(Prompt): The lines below, from the one holding "Rust-Oleum Stops Rust" through the one holding "Currently Trump is", are to be restated word for word, with all images left out.
##### The input #####
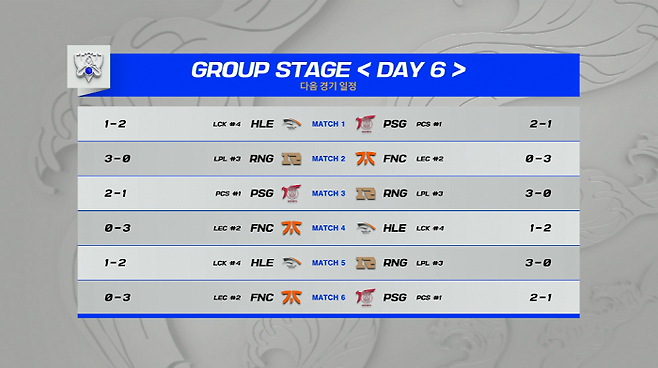 로얄 네버 기브업(RNG)이 3전 전승, PSG 탈론이 2승 1패로 나란히 1, 2위를 차지한 가운데 LCK 대표팀 중 하나인 한화생명e스포츠가 1승 2패로 3위에 랭크됐다.
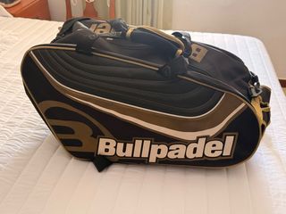 Paletero de la marca Bullpadel en color negro y detalles dorados. Diseñado para transportar tu equipación de pádel. - Compartimentos amplios. - Asas acolchadas para mayor comodidad. - Diseño moderno y deportivo.
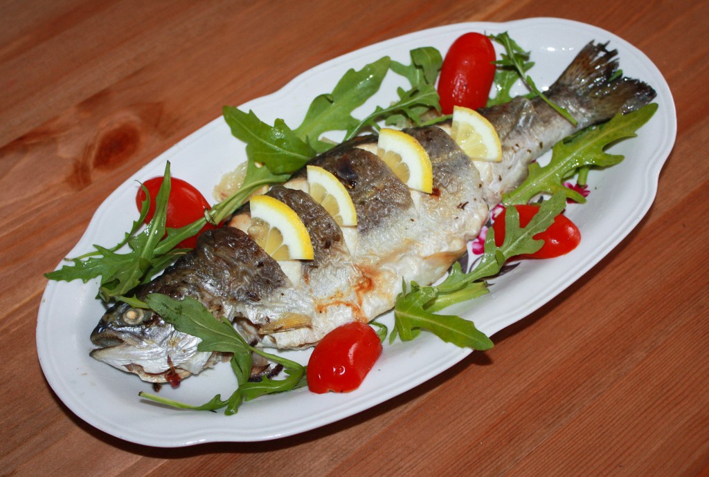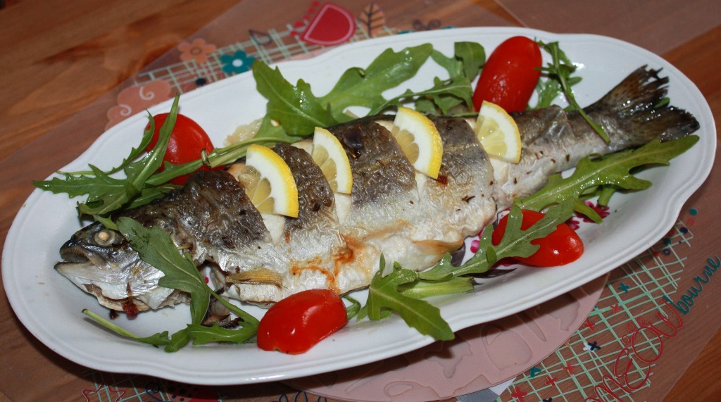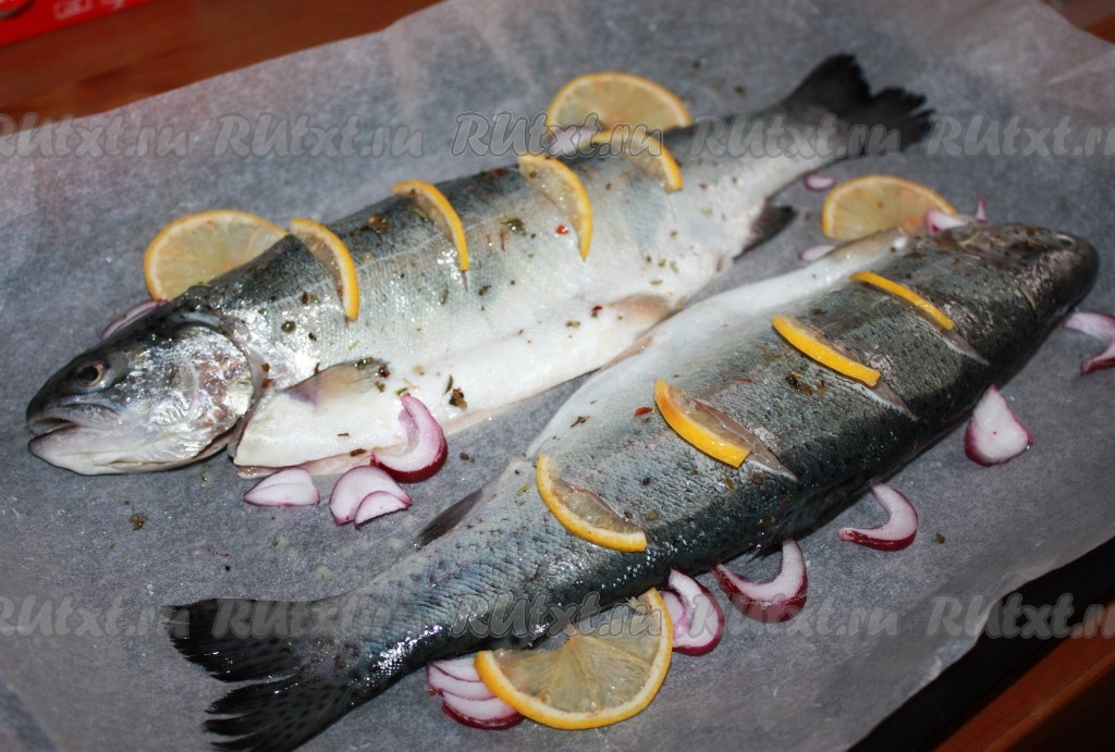 В оливковое масло добавить сок половинки лимона, специи, перемешать, выложить рыбу на противень, застеленный пергаментной бумагой или бумагой для выпечки. Обмазать рыбу со всех сторон смесью масла, лимонного сока и приправ. Сделать на поверхности рыбы несколько небольших надрезов ножом и вложить в них дольки лимона. Также, для вкуса и аромата, вокруг рыбы можно выложить лук, нарезанный полукольцами, и дольки лимона.
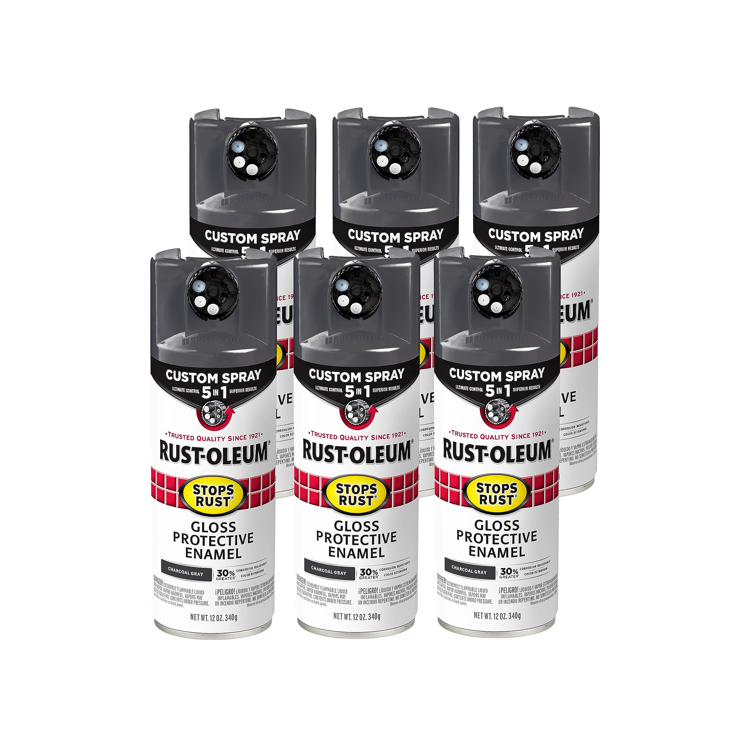 Rust-Oleum Stops Rust Protective Enamel with Custom Spray 5-in-1 technology provides a premium spray paint experience with unlimited ways to get your project done right. The innovative Custom Spray 5-in-1 dial allows you to choose from 5 spray paint nozzles for ultimate control and the advanced Stops Rust formula provides 30% greater corrosion resistance and color retention compared to the standard Stops Rust formula. Use the high output spray nozzle for large curved surfaces, standard for a traditional experience, low output for details and corners without drips and runs, and vertical or horizontal fans for flat surfaces. When you're done, turn the dial to the locked position and store the remaining spray paint for your next project.
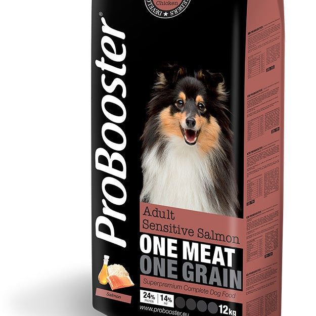 ProBooster Adult Sensitive Salmon on kehitetty erityisesti vastaamaan herkkien ja ruoka-aineallergioista kärsivien koirien ravitsemustarpeita.
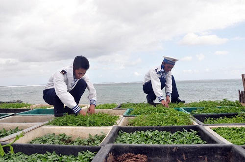 Ở Trường Sa Đông, chiến sĩ còn bội thu hơn. Một năm tăng gia gần 6 tấn rau xanh, hơn 2 tấn cá, hơn 1,5 tấn thịt các loại. Không chỉ đảm bảo bữa ăn tươi cho chiến sĩ và hỗ trợ ngư dân, các đảo còn có quà gửi lại đất liền. Rau xanh là thế mạnh của các đảo nổi.
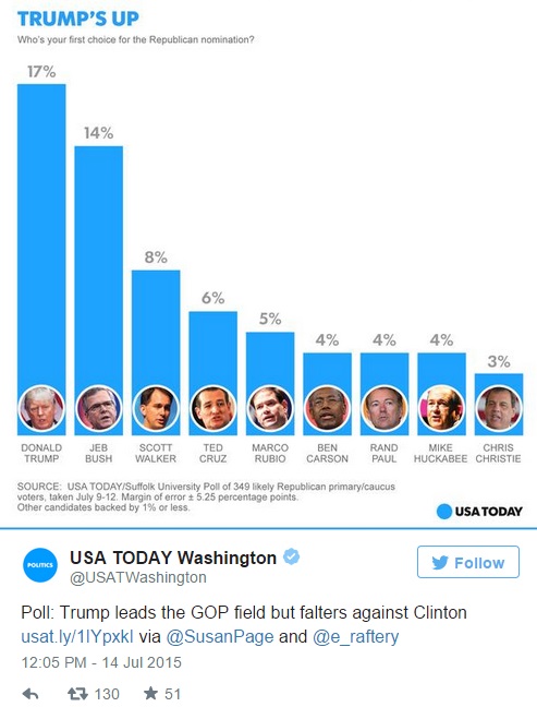 Currently Trump is the front-runner for the Republican race leading with a 17% approval rating followed by Jeb Bush at 14%. #LordHelpUsAll
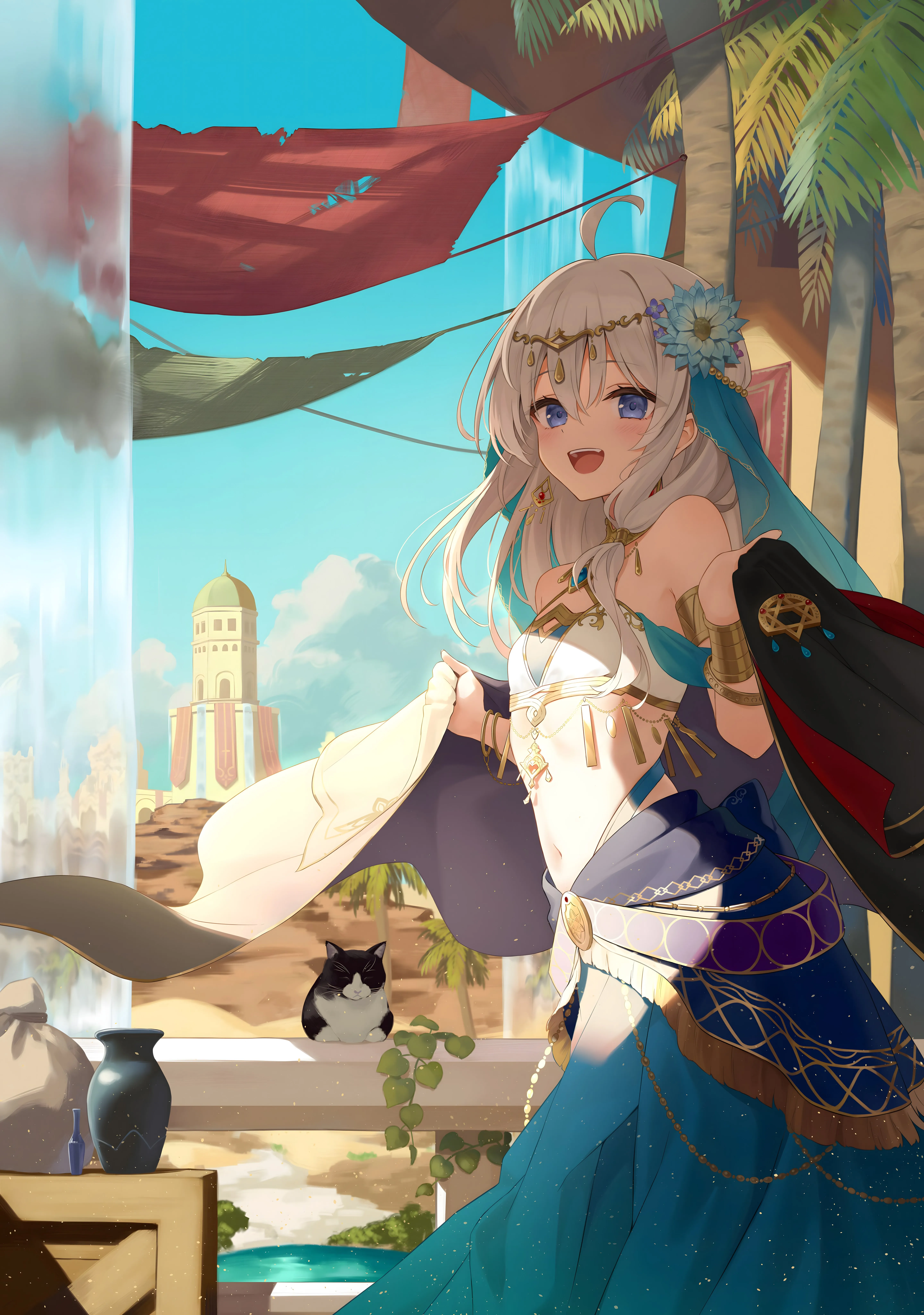 White hair, blue eyes, gray hair, anime, girl, earrings, clouds, sky, cat, waterfall, water, vase, sunlight, palm trees, mobile wallpaper, 4K wallpaper
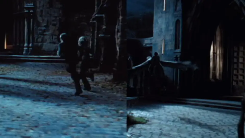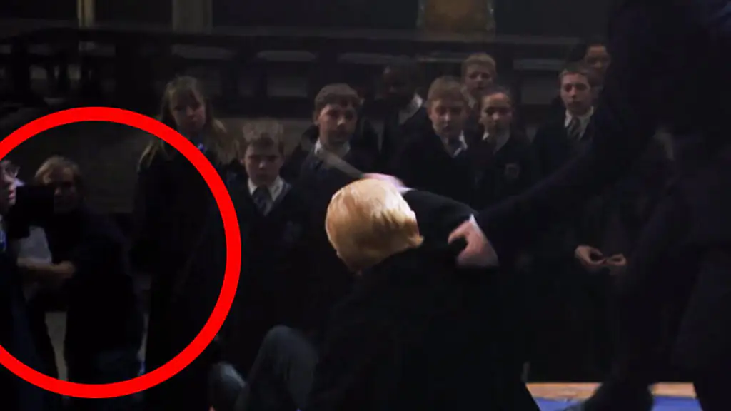 In der Folge „Harry Potter und die Kammer des Schreckens“ kann man mit „Schrecken“ den Kameramann hinter Draco Malfoy erkennen, der so gar nichts in Hogwarts verloren hat.
#####
(Final answer):
 Rust-Oleum Stops Rust Protective Enamel with Custom Spray 5-in-1 technology provides a premium spray paint experience with unlimited ways to get your project done right. The innovative Custom Spray 5-in-1 dial allows you to choose from 5 spray paint nozzles for ultimate control and the advanced Stops Rust formula provides 30% greater corrosion resistance and color retention compared to the standard Stops Rust formula. Use the high output spray nozzle for large curved surfaces, standard for a traditional experience, low output for details and corners without drips and runs, and vertical or horizontal fans for flat surfaces. When you're done, turn the dial to the locked position and store the remaining spray paint for your next project.
 ProBooster Adult Sensitive Salmon on kehitetty erityisesti vastaamaan herkkien ja ruoka-aineallergioista kärsivien koirien ravitsemustarpeita.
 Ở Trường Sa Đông, chiến sĩ còn bội thu hơn. Một năm tăng gia gần 6 tấn rau xanh, hơn 2 tấn cá, hơn 1,5 tấn thịt các loại. Không chỉ đảm bảo bữa ăn tươi cho chiến sĩ và hỗ trợ ngư dân, các đảo còn có quà gửi lại đất liền. Rau xanh là thế mạnh của các đảo nổi.
 Currently Trump is the front-runner for the Republican race leading with a 17% approval rating followed by Jeb Bush at 14%. #LordHelpUsAll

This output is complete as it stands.